_WHAT YOU ARE ASKED TO DO_:
Required from the data below: the exact lines starting at the line containing "Cord Is Specifi" and ending at the line containing "Mes sculptures sont", with both ends kept and all pictures dropped.

_TASK INPUTS_:
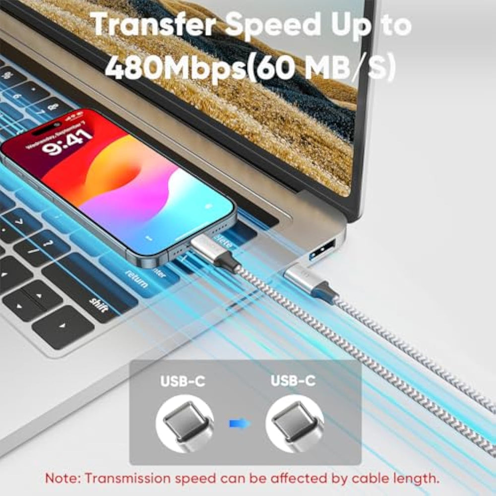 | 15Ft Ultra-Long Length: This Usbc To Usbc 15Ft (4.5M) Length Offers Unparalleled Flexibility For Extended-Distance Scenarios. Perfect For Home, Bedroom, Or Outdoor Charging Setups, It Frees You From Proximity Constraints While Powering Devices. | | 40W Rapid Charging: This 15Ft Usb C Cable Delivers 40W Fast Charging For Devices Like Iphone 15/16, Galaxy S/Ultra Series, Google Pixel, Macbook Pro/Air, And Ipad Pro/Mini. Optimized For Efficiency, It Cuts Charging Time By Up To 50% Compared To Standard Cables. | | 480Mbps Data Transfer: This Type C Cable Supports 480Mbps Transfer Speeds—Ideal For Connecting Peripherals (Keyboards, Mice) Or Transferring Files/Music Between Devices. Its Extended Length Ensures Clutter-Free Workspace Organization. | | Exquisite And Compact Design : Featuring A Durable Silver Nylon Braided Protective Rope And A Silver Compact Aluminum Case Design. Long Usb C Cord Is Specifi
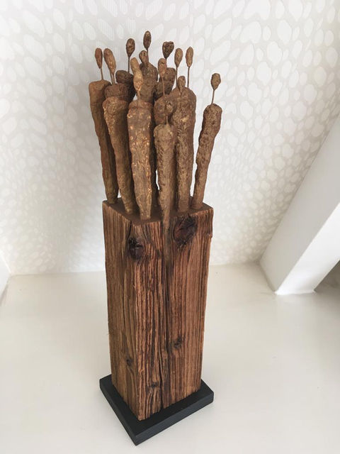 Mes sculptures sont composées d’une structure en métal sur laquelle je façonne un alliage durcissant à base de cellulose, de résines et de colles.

...

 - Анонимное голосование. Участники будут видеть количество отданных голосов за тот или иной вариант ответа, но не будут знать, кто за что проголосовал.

_YOUR SOLUTION_:
 | 15Ft Ultra-Long Length: This Usbc To Usbc 15Ft (4.5M) Length Offers Unparalleled Flexibility For Extended-Distance Scenarios. Perfect For Home, Bedroom, Or Outdoor Charging Setups, It Frees You From Proximity Constraints While Powering Devices. | | 40W Rapid Charging: This 15Ft Usb C Cable Delivers 40W Fast Charging For Devices Like Iphone 15/16, Galaxy S/Ultra Series, Google Pixel, Macbook Pro/Air, And Ipad Pro/Mini. Optimized For Efficiency, It Cuts Charging Time By Up To 50% Compared To Standard Cables. | | 480Mbps Data Transfer: This Type C Cable Supports 480Mbps Transfer Speeds—Ideal For Connecting Peripherals (Keyboards, Mice) Or Transferring Files/Music Between Devices. Its Extended Length Ensures Clutter-Free Workspace Organization. | | Exquisite And Compact Design : Featuring A Durable Silver Nylon Braided Protective Rope And A Silver Compact Aluminum Case Design. Long Usb C Cord Is Specifi
 Mes sculptures sont composées d’une structure en métal sur laquelle je façonne un alliage durcissant à base de cellulose, de résines et de colles.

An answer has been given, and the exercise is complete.